## GIVEN INFORMATION
/---
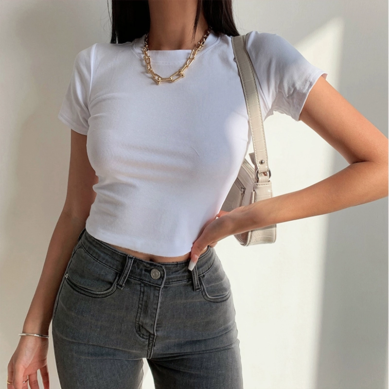 American small round collar navel shirt solid color short -sleeved T -shirt
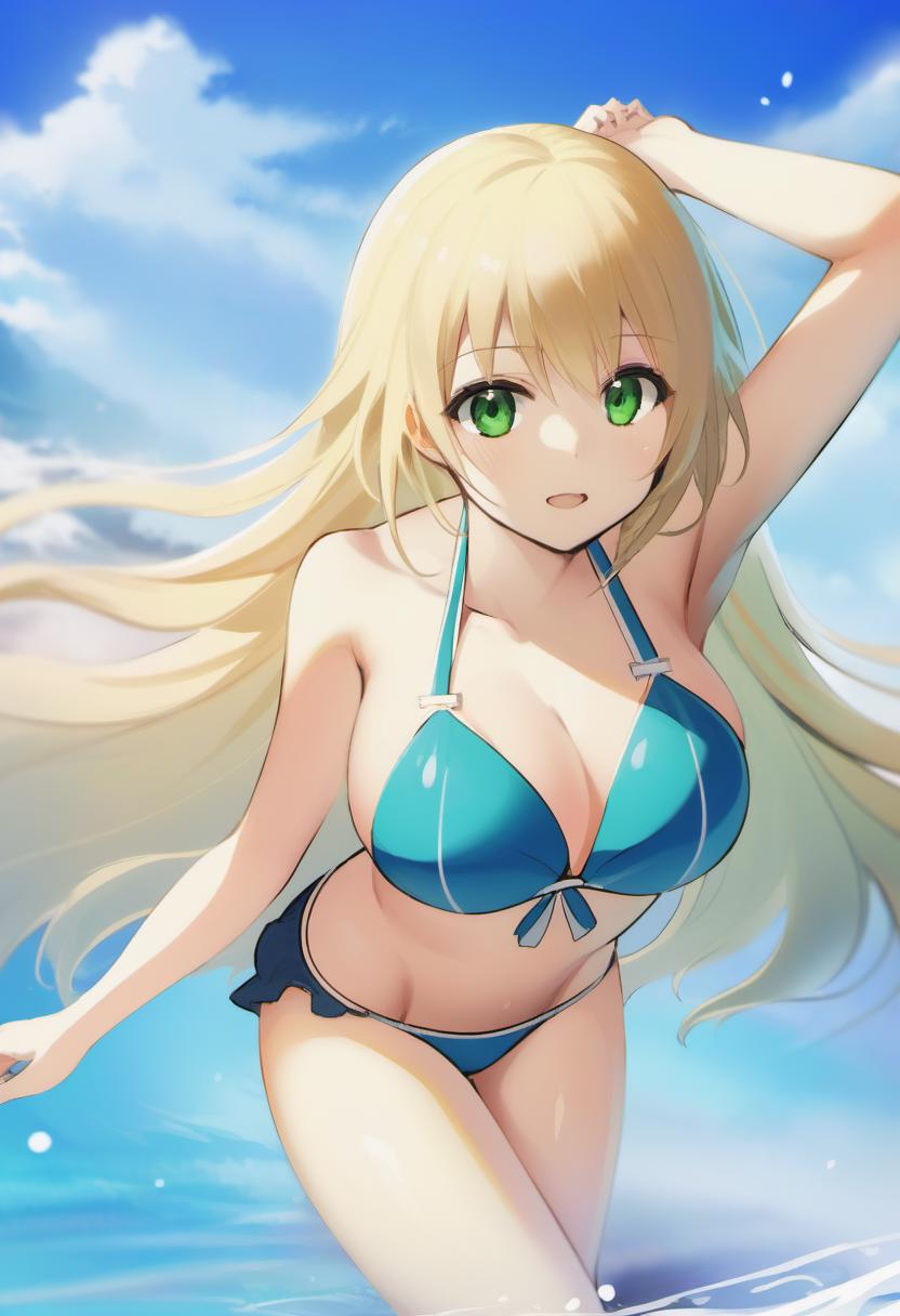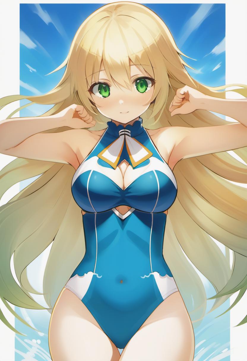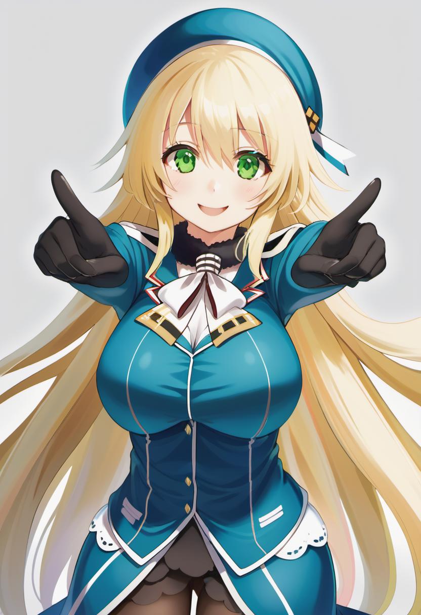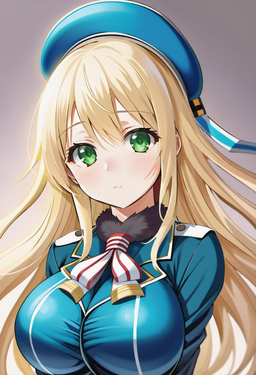 Additional words: blonde, green eyes (or bluish green eyes), beret
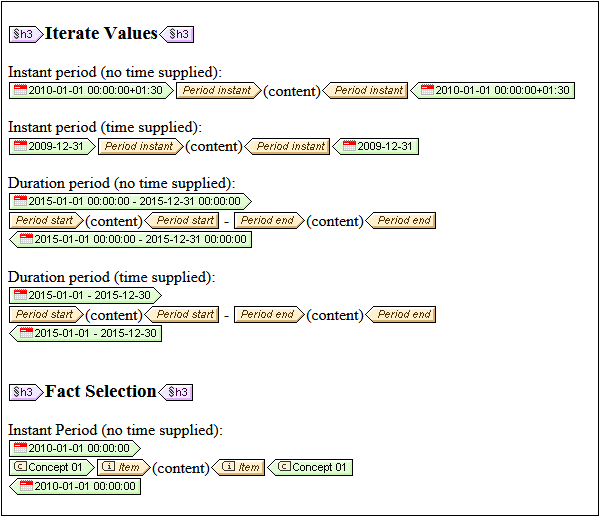 Sie können die Vorlage im geschlossenen Modus verwenden, um Aspects der Periode wie z.B. (durch Verwendung der Aspect-Wert-Vorlagen der Periode) den Periodenbeginn anzuzeigen oder um Instanzdokument-Facts, die die definierte Periode enthalten, auszuwählen. In der Abbildung unten sehen Sie beide Verwendungsarten.
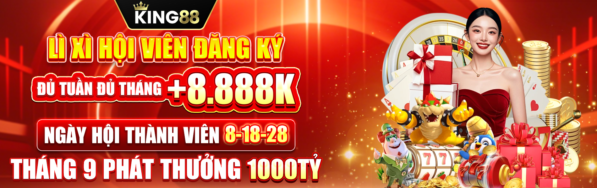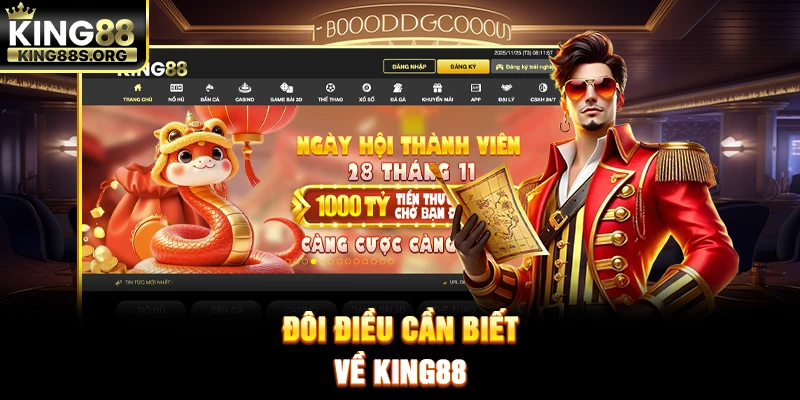King88 là nền tảng giải trí cá cược trực tuyến uy tín nhất tại thị trường Châu Á, và được đông đảo người dùng tại Việt Nam biết đến, chính thức đi vào hoạt động từ năm 2018. Từ những ngày ra đầu ra mắt thị trường, nền tảng đã định hướng phát triển theo mô hình hiện đại nhằm bảo vệ hệ thống vận hành ổn định, an toàn và mượt mà. King88.com hoạt động hợp pháp dưới sự quản lý của Costa Rica & Gaming Curacao, mang đến một môi trường giải trí chuyên nghiệp, đáng tin cậy. Toàn bộ nền tảng được bảo mật bằng SSL 128-bit & Secure Socket, giúp bảo mật tuyệt đối thông tin và giao dịch người chơi. Sau quá trình mở rộng, King 88 đã hoàn thiện hệ sinh thái giải trí đa dạng với nhiều sảnh chơi hấp dẫn như casino online, cá cược thể thao, slot game, bắn cá, đá gà, esports, xổ số, lô đề,…hợp tác cùng các nhà cung cấp hàng đầu thế giới như Jili, PG, NetEnt, SA Gaming. Bên cạnh đó, nhà cái thường xuyên triển khai các chương trình ưu đãi định kỳ cùng các khuyến mãi hấp dẫn giành cho tân thủ, giúp người chơi ưu vốn cược ngày từ khi tham gia tại nền tảng. Đăng ký ngay hôm nay để có cơ hội nhận +888K vào tài khoản!
\---
Print every line of the material above exactly as it reads, skipping the pictures.

 American small round collar navel shirt solid color short -sleeved T -shirt
 Additional words: blonde, green eyes (or bluish green eyes), beret
 Sie können die Vorlage im geschlossenen Modus verwenden, um Aspects der Periode wie z.B. (durch Verwendung der Aspect-Wert-Vorlagen der Periode) den Periodenbeginn anzuzeigen oder um Instanzdokument-Facts, die die definierte Periode enthalten, auszuwählen. In der Abbildung unten sehen Sie beide Verwendungsarten.
King88 là nền tảng giải trí cá cược trực tuyến uy tín nhất tại thị trường Châu Á, và được đông đảo người dùng tại Việt Nam biết đến, chính thức đi vào hoạt động từ năm 2018. Từ những ngày ra đầu ra mắt thị trường, nền tảng đã định hướng phát triển theo mô hình hiện đại nhằm bảo vệ hệ thống vận hành ổn định, an toàn và mượt mà. King88.com hoạt động hợp pháp dưới sự quản lý của Costa Rica & Gaming Curacao, mang đến một môi trường giải trí chuyên nghiệp, đáng tin cậy. Toàn bộ nền tảng được bảo mật bằng SSL 128-bit & Secure Socket, giúp bảo mật tuyệt đối thông tin và giao dịch người chơi. Sau quá trình mở rộng, King 88 đã hoàn thiện hệ sinh thái giải trí đa dạng với nhiều sảnh chơi hấp dẫn như casino online, cá cược thể thao, slot game, bắn cá, đá gà, esports, xổ số, lô đề,…hợp tác cùng các nhà cung cấp hàng đầu thế giới như Jili, PG, NetEnt, SA Gaming. Bên cạnh đó, nhà cái thường xuyên triển khai các chương trình ưu đãi định kỳ cùng các khuyến mãi hấp dẫn giành cho tân thủ, giúp người chơi ưu vốn cược ngày từ khi tham gia tại nền tảng. Đăng ký ngay hôm nay để có cơ hội nhận +888K vào tài khoản!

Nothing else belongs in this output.